Don't memorize canned discovery questions, which makes you sound robotic. Instead, internalize the relationship between a prospect's Situation, the operational Problems it creates, and the business Impact of those problems. This "tree" lets you navigate the conversation naturally and effectively.
A manager's operational problem (e.g., "spreadsheets take too long") isn't enough to get budget from a CFO. You must connect that pain to a high-level business impact the executive cares about, such as employee attrition or public relations risk caused by those operational failures.
To bridge from an operational problem to a significant business issue, ask the prospect to tell a story. The question, "When was the moment you realized this was a problem you needed to tackle?" prompts them to share a specific, high-stakes incident that justifies urgent action.
Instead of leading impact questions like "How much money are you losing?", gently push the prospect away to see if they pull you back. Asking "Is this a top priority or more of a one-off?" prompts an honest assessment and avoids making them feel like you're setting a sales trap.
When an executive states a high-level goal (e.g., "improve cash flow"), don't assume you know the root cause. Work backward by asking which operational issues are contributing. This qualifies whether their problem is one your solution can address, preventing wasted cycles on deals you can't win.
A discovery call must make the buyer believe you can solve their problem. Instead of a full demo, give a short "Harbor Tour." Explicitly connect their stated problems to specific product capabilities, proving you listened and have a relevant solution, thereby earning the next meeting.

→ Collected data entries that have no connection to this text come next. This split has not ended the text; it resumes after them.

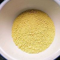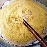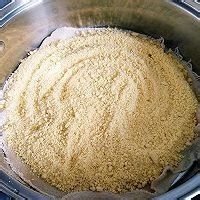 1. 黄米面粉放入盆中,分次淋入水,用手不停搓揉成半湿颗粒状,静置半小时,备用。
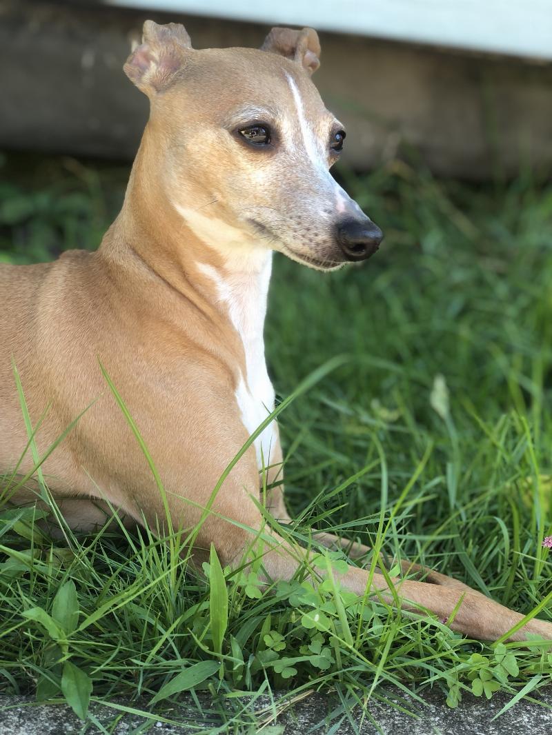 My Italian Greyhound, Fig, lounging in the sun. She loves summer weather and we take lots of walks around the neighborhood when it’s warm out. When it’s cold, you can find her snuggled in her blankets or with her sisters, Lilo and Elsa, who are Saint Bernards!
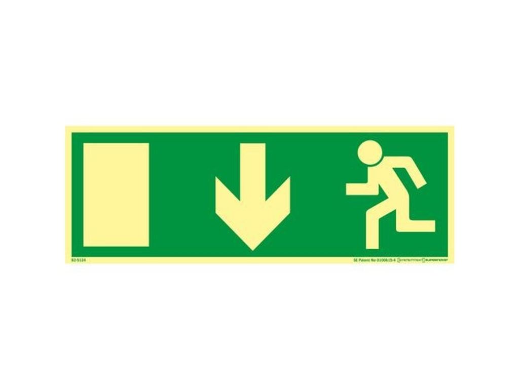 Nödutrymningsskylt pil ned Nödutrymningsskyltar i Supernova®, en patenterad teknik som gör att skylten i mörker visas med samma färger som i dagsljus eller i upplyst miljö. Lystiden är mellan 2-8 timmar och maximal lyseffekt uppnås efter 4 timmars laddning i belysning eller dagsljus. - Mått (BxH): 297x105mm - Material: Aluminium
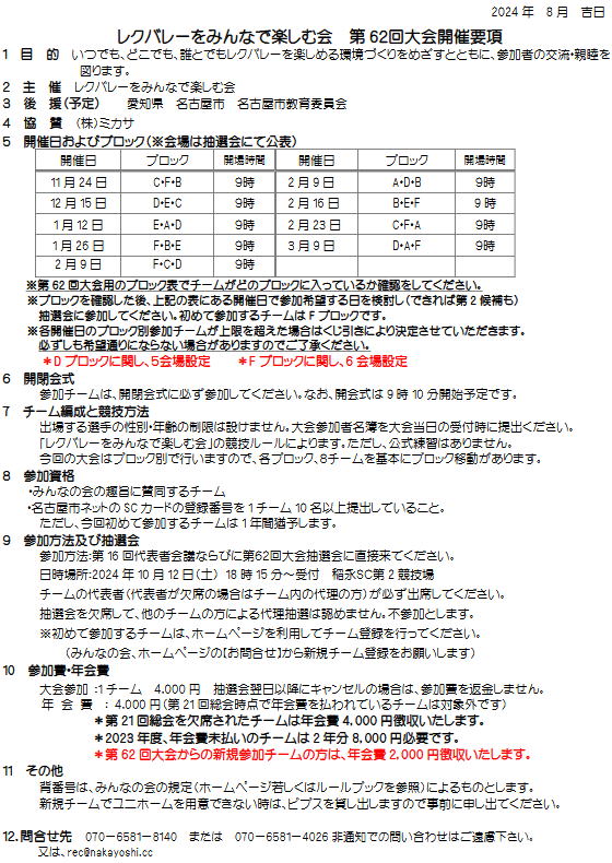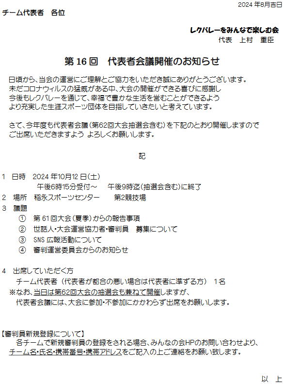 2024.12.03 第62回大会 12/15対戦表のお知らせ

In the last five minutes, ask three key questions: 1. Do they want to buy? (validates priority), 2. When do they want to buy? (validates timeline), and 3. How do they buy? (where you prescribe the buying process). This framework ensures you only pursue qualified, actionable opportunities.
Don't improvise multi-threading. Beforehand, map out the common organizational archetypes you sell to and the ideal sequence of stakeholders to engage—the "golden path." This allows you to confidently prescribe the next steps in the buying process for each specific deal structure.